Researchers Confirm First Dynamic Transition in Supercooled Water

A groundbreaking study published in Nature Physics has marked the first experimental observation of a fragile-to-strong transition in deeply supercooled water. This finding resolves a scientific challenge that has persisted for nearly three decades, further illuminating the anomalous behavior of this essential substance.

Water exhibits unique properties when cooled below its freezing point without crystallization. Previous research indicated that the viscosity of water would diverge to infinity around 227 K (approximately –46°C), suggesting that liquid water’s motion would effectively freeze. Yet, this prediction conflicted with other known characteristics of water, leading scientists to propose that the viscosity trend undergoes a significant change at a specific low temperature.

To delve deeper into this phenomenon, researchers approached the study with insights from both theory and experimentation. Co-authors of the study, Prof. Kyung Hwan Kim from POSTECH and Prof. Anders Nilsson from Stockholm University, discussed the importance of their work. “Water is the most essential substance for life and for countless natural phenomena, yet it is also the liquid that exhibits the most anomalous properties,” noted Kim. “The key to uncovering their origin is believed to lie in the deeply supercooled regime.”

Overcoming Experimental Challenges

The fragile-to-strong transition had eluded direct experimental verification primarily due to the rapid crystallization of water when cooled below approximately 235 K. The researchers’ breakthrough involved an innovative approach that combined a droplet-based sample scheme with ultrafast X-ray free-electron lasers.

“We created liquid water down to –45°C by rapidly evaporating it under vacuum, allowing it to remain supercooled for only a brief moment,” explained Nilsson. The experimental setup generated micron-sized water droplets, about 17 μm across, which traveled through a vacuum chamber. As the droplets evaporated, they reached deeply supercooled temperatures between 228 K and 270 K (or –45°C to –3°C).

The researchers then applied femtosecond infrared laser pulses to induce a small temperature change of less than 1 K in each droplet. They monitored the liquid structure’s relaxation back toward equilibrium, capturing how water’s hydrogen-bonding structure evolved after each temperature perturbation.

Tracking Structural Relaxation

Utilizing ultrashort X-ray pulses from the SwissFEL facility, the team observed wide-angle X-ray scattering patterns at various time delays. This allowed them to directly track the structural relaxation dynamics of water. “In our experiment, we applied a small perturbation to liquid water at each temperature and then tracked the structural relaxation dynamics to a new equilibrium state over time,” Kim stated.

The results revealed a clear dynamic crossover at approximately 233 K (around –40°C). Above this temperature, relaxation times increased rapidly with decreasing temperature, indicative of fragile liquids. In contrast, below 233 K, the data followed a shallower Arrhenius temperature dependence typical of strong liquids.

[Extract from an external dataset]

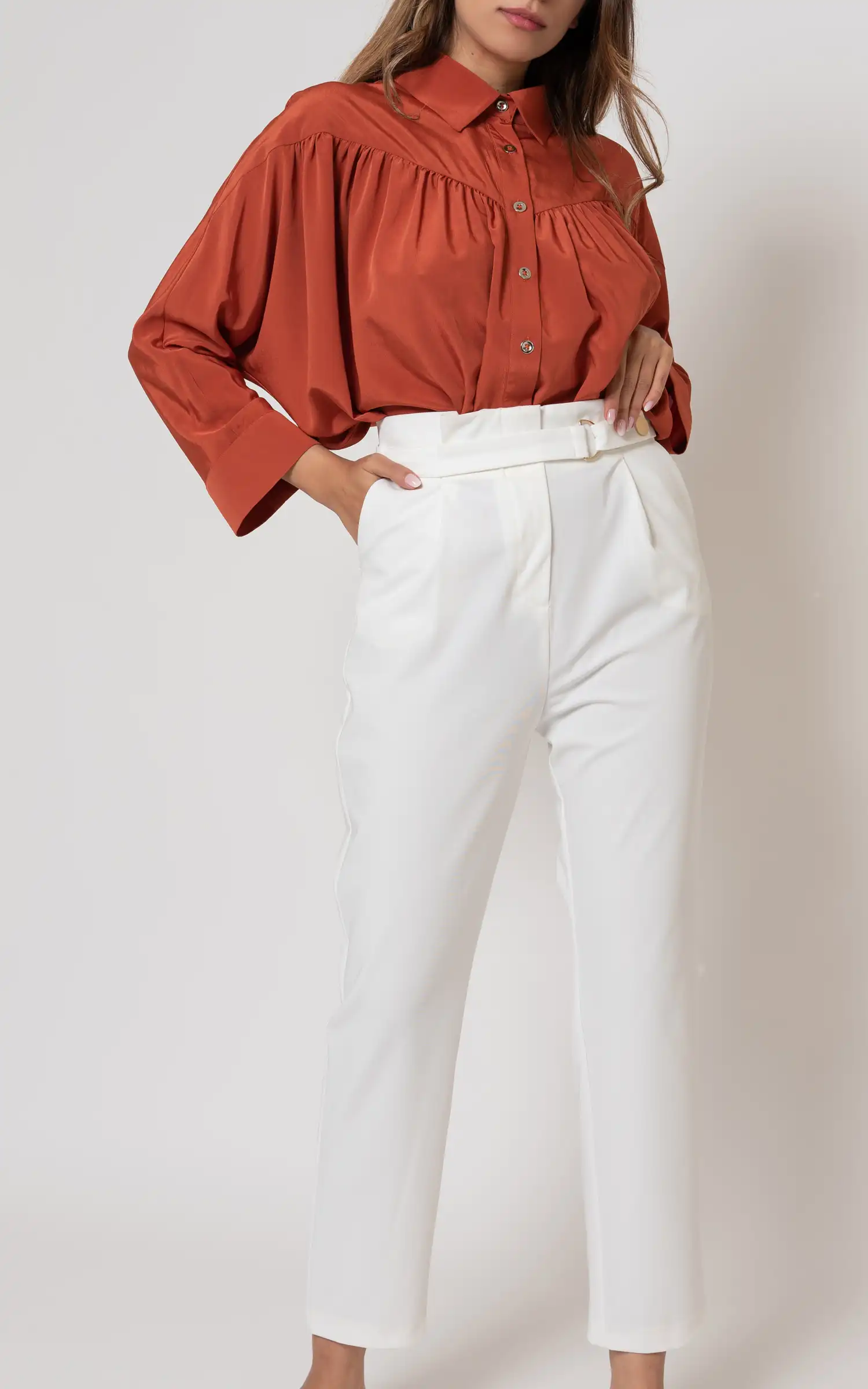 شومیز زنانه سفید با گلدوزیهای ظریف و تنخور کلاسیک برند کلینز کد CL1075570

To validate their experimental findings, the researchers conducted molecular dynamics simulations using the TIP4P/2005 water model. This model successfully reproduced a similar fragile-to-strong crossover, with a transition appearing around 238.7 K.

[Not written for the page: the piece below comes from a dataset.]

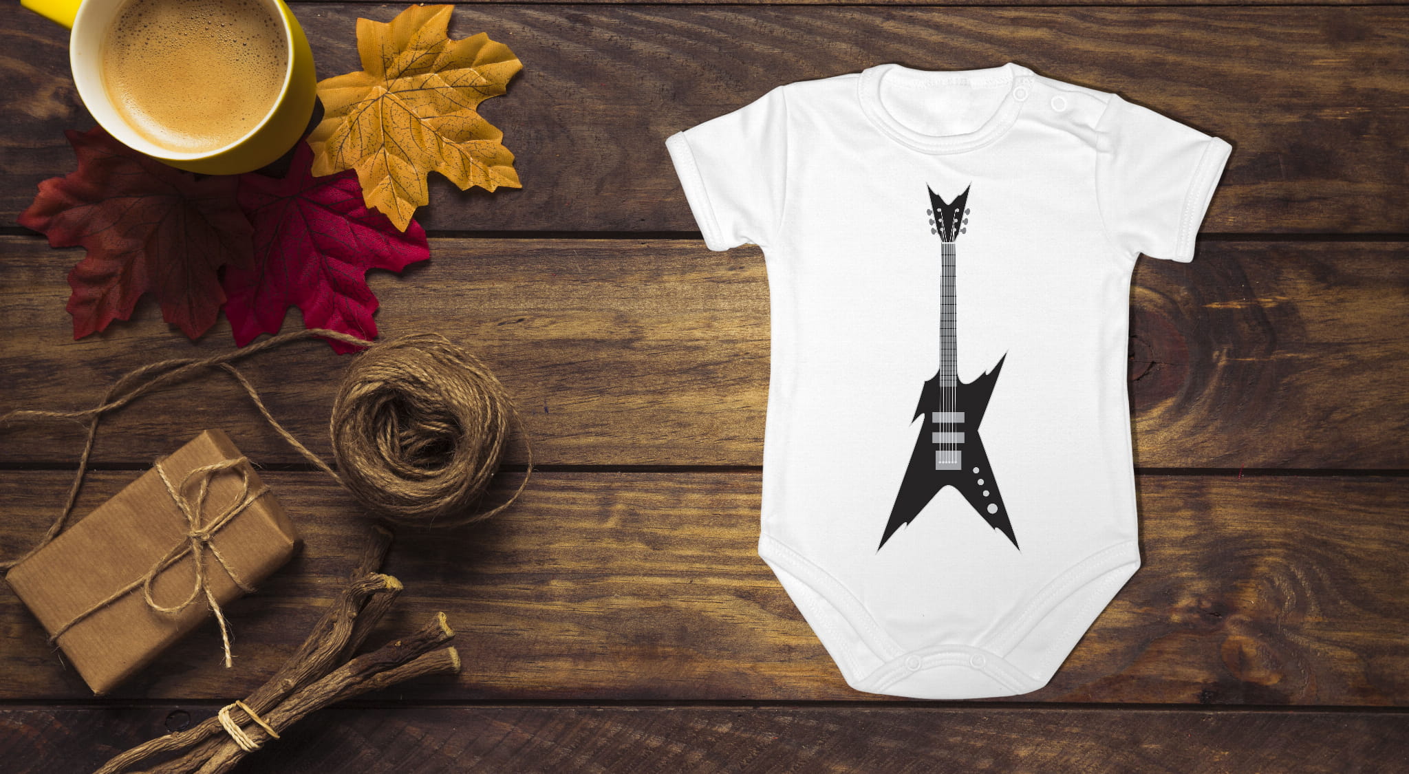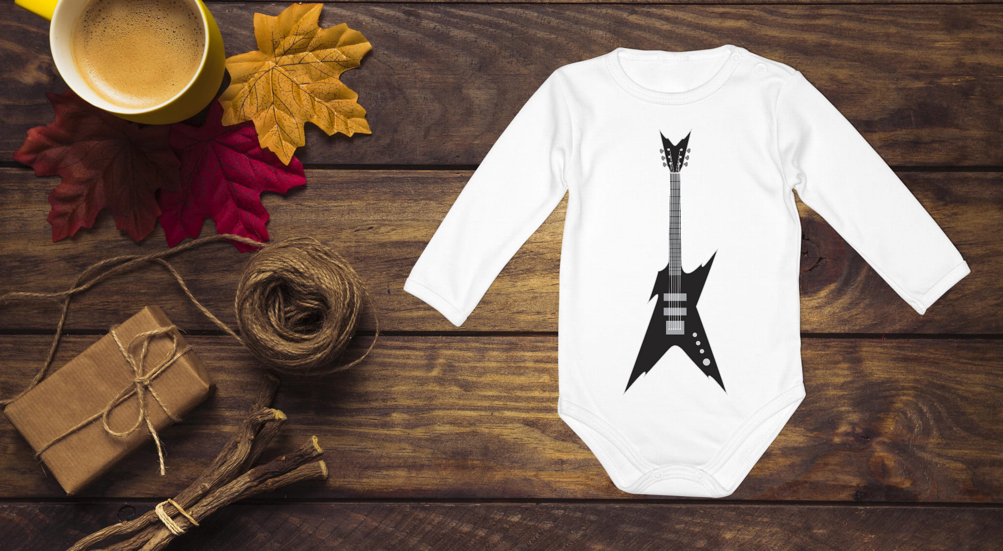 Body z krótkim i długim rękawem, wykonane z 100%- procentowej, miękkiej dzianiny bawełnianej. Gitara basowa.

The experimentally observed transition temperature of about 233 K is slightly above the previously identified Widom line at 230 K, suggesting a connection between the fragile-to-strong transition and changes in molecular arrangements rather than the glass transition at 136 K.

Implications and Future Directions

Understanding water’s dynamics is crucial for various scientific fields, from meteorology to biological chemistry. By elucidating the mechanisms behind water’s anomalous behavior, researchers hope to enhance our comprehension of numerous phenomena reliant on water.

“This work opens up new experimental territory,” Kim remarked. “We have not yet directly observed the detailed microscopic mechanisms behind this behavior. With further improvements, we believe it will be possible to probe these underlying mechanisms experimentally.”

The study confirms that water’s apparent divergence is interrupted by a genuine change in relaxation behavior, reinforcing decades of theoretical and simulation work on the fragile-to-strong crossover. As researchers continue to explore the complexities of water at low temperatures, they anticipate that new discoveries will emerge, expanding our understanding of this vital substance.